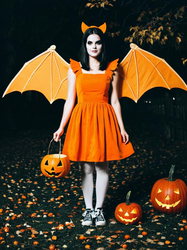 Basic halloween costume, solo, head wings, wings, halloween, orange dress, dress, jack-o'-lantern, 1girl, pumpkin, male focus, shoes, realistic
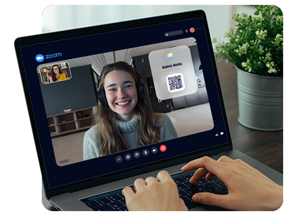 Create virtual backgrounds featuring your logo, brand colors, and a QR code that lets attendees instantly access your digital business card.
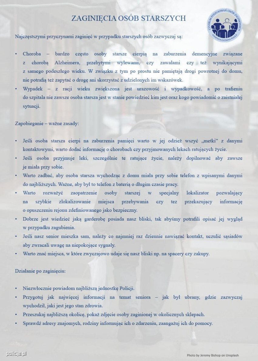 Profilaktyką dla wielu niebezpiecznych sytuacji, na które mogą być narażeni nasi seniorzy, w tym opisanych wyżej, będzie zaopatrzenie naszego bliskiego w akcesoria mogące na przykład ułatwić ustalenie miejsca jego przebywania czy przynajmniej identyfikację w przypadku odnalezienia przez Policję lub inne osoby trzecie. Można osobie starszej sprezentować zegarek z funkcją gps, zadbać aby zawsze miała przy sobie telefon komórkowy, włożyć kartkę z adresem i numerem kontaktowym (najlepiej wszyć w ubranie tak, aby nie została zgubiona lub wyrzucona). Szerzej na ten temat w załączonym do artykułu ulotce w formie zdjęcia „Jak zadbać o bezpieczeństwo seniora”.
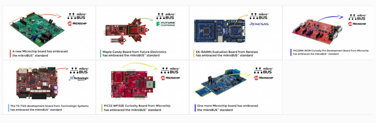 We are proud that a lot of companies see the mikroBUS™ standard value, and are adding mikroBUS™ socket into their design to simplify development and maximize efficiency.
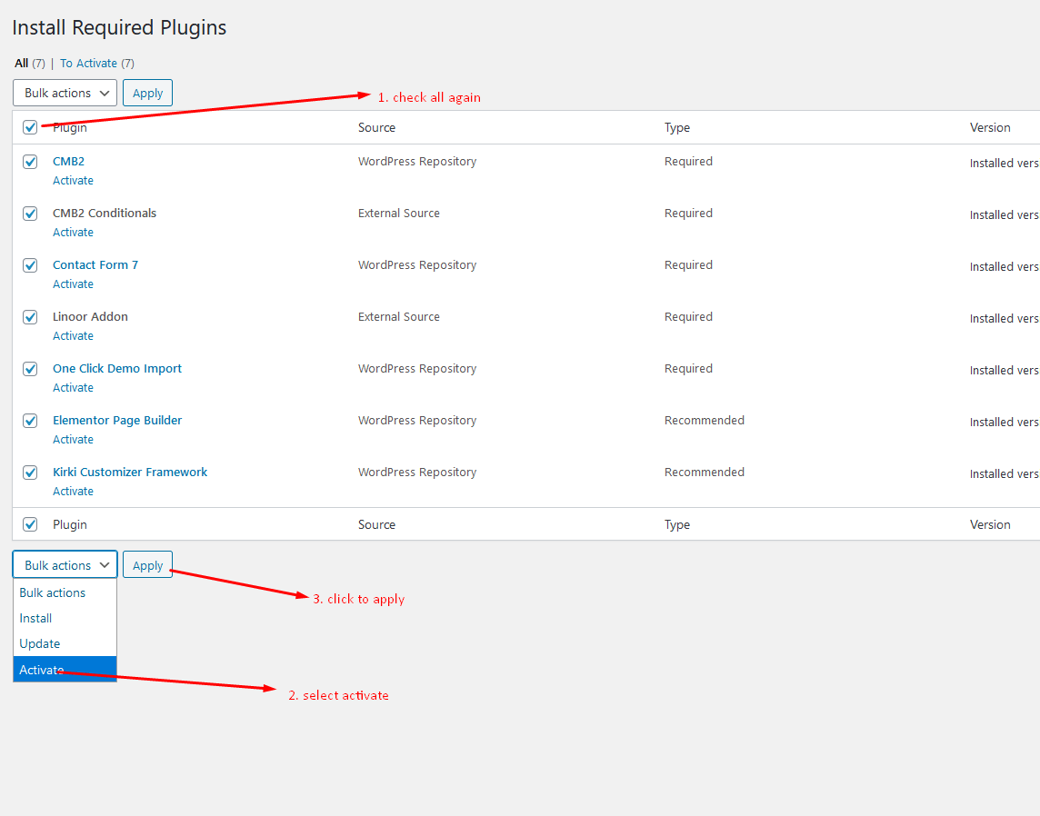 If you Installed all Plugins then follow the step below for Plugin Activate
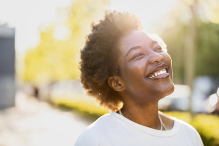 Smiling woman with braided hair showing teeth in sunny portrait, with colorful lens flare overlays. Portrait, vibrancy, joy, lifestyle, fashion, outdoor, radiant
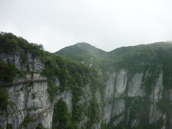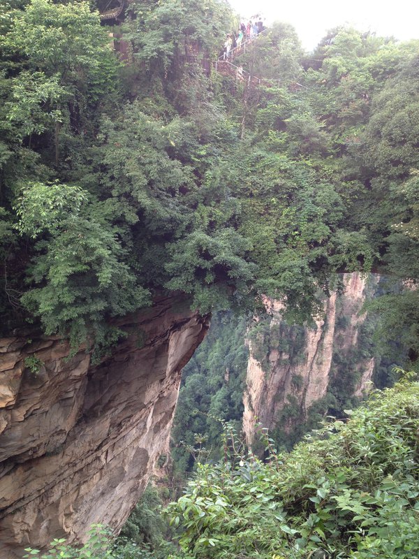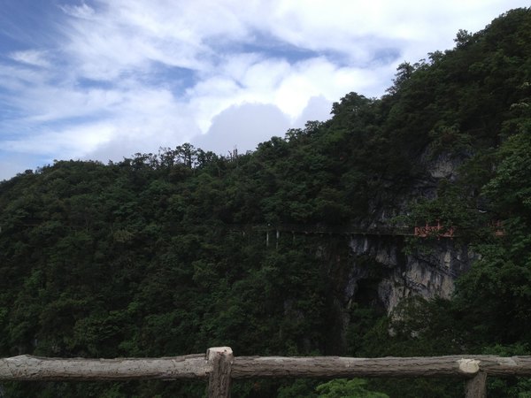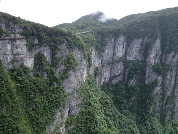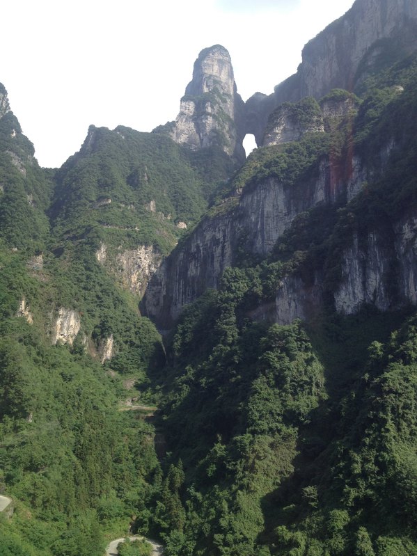 站在栈道上俯瞰群山,古人“会当凌绝顶,一览众山小”的感觉油然而生。由于天门山是国家森林公园,植被特别丰富,加上典型的喀斯特地貌,所以,在这条栈道上更能找到一种在乘坐直升飞机飞越热带雨林大峡谷的感觉,这平时只能在电影里看到的场景,在这里能让你身临其境。
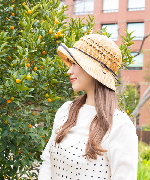 ブレード編み×コマ編みで仕立てた、ウォッシャブル仕様のハット。日差しをブロックしながら蒸れを防ぎ、快適なかぶり心地をキープします。つばの上げ下げで、印象を変えて楽しめるデザインです。
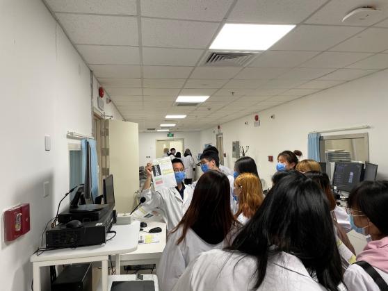在我院杨红院长和医学影像学学系胡玲静主任的带领下,8位教师和49名学生来到同仁医院亦庄院区放射科参加教学实践活动。同仁医院放射科鲜军舫主任、牛延涛主任技师、11名放射技师和3位工程师参加了此次活动。

— WHAT TO WORK ON —
Needed here is a verbatim copy of the data from the first line through the line with "Create virtual backgrounds", without pictures.

— SOLUTION FOR THIS EXERCISE —
 Basic halloween costume, solo, head wings, wings, halloween, orange dress, dress, jack-o'-lantern, 1girl, pumpkin, male focus, shoes, realistic
 Create virtual backgrounds featuring your logo, brand colors, and a QR code that lets attendees instantly access your digital business card.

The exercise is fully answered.